Vietnam closed 2025 with a merchandise import–export turnover of roughly US$930 billion, marking one of the strongest annual jumps the country has recorded in recent years.
As per Vietnam Import Data by Import Globals, the year’s performance matters far beyond “a big number”: it signals that Vietnam is no longer just an alternative manufacturing base in Asia, but a core node in global supply chains—especially for electronics, consumer goods, and an expanding set of industrial components.
For global players—importers, exporters, sourcing managers, logistics providers, investors, and trade-finance teams—Vietnam’s 2025 surge is a practical message: capacity, capability, and connectivity improved, but so did concentration risks (market dependency, imported-input exposure, tariff scrutiny, and compliance complexity). In 2026, the opportunity is still strong, yet the playbook needs to be smarter.
A rapid way to understand 2025 is to compare it against 2024, which was already a strong year for exports and a sizeable surplus. In 2025, both exports and imports accelerated, keeping Vietnam’s total turnover on a steep upward curve.
As per Vietnam Export Data by Import Globals, this pattern—exports up strongly, imports up even more—often indicates a manufacturing economy moving up the curve: rising orders and assembly volumes typically pull in more intermediate goods, components, and machinery.

Four Real Drivers of the 2025 Jump
Vietnam’s 2025 trade expansion was not a single-sector story. It was the combined effect of (1) electronics scaling, (2) supply-chain repositioning, (3) import intensity in advanced manufacturing, and (4) a steady broadening of export baskets.
As per Vietnam Import Export Trade Data by Import Globals, electronics has been Vietnam’s signature export story for years, but 2025 added a new twist: computers, electronic products, and components crossed the US$100B mark, making the category the most important export driver and widening the gap over several other groups.

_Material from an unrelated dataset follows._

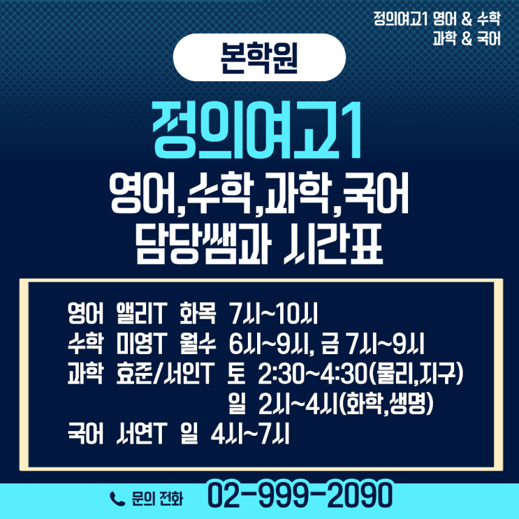 [창동 본학원] 정의여고1,창동고1,상계고1 담당쌤과 시간표 배정
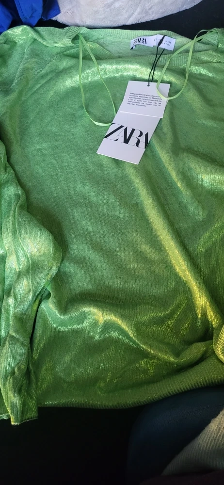 Ideal for Christmas. Selling a Zara knit top in a beautiful metallic green colour! It's a size medium and has a unique shimmer to it. The fabric has special metallic finishes, so make sure to follow the washing instructions on the label!

A single mega-category crossing US$100B is more than bragging rights. It changes how global companies plan: they treat Vietnam less like a “backup line” and more like a primary production geography, with longer-term supplier development, tooling, and logistics commitments.

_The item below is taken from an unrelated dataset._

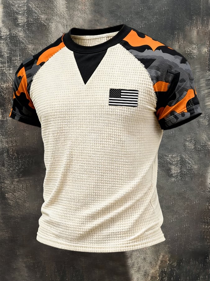 Men's Retro Camouflage Patchwork Waffle Knit Short-Sleeve T-Shirt$24.99 USD$46.94 USD
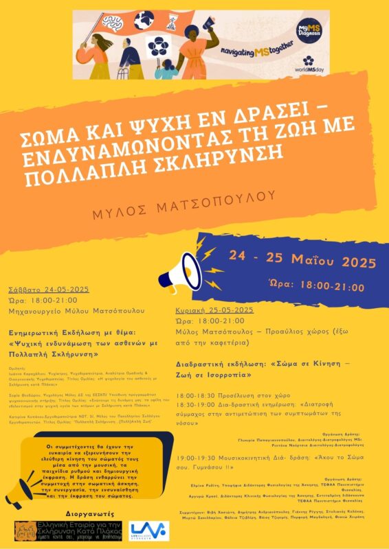 «Σώμα και Ψυχή εν Δράσει – Ενδυναμώνοντας τη ζωή με Πολλαπλή Σκλήρυνση», στις 24 και 25 Μαΐου, στον φιλόξενο χώρο του Μύλου Ματσόπουλου.

This electronics-led surge also reshaped Vietnam’s import profile: more electronics exports typically mean more imported components and materials—especially when domestic supplier ecosystems are still catching up.
As per Vietnam Import Custom Data by Import Globals, many multinationals have been diversifying production footprints across Asia to reduce single-country dependency, improve resilience, and meet delivery timelines. Vietnam benefited because it can combine industrial park depth, a large workforce, improving port/airport connectivity, and a policy environment built around export manufacturing.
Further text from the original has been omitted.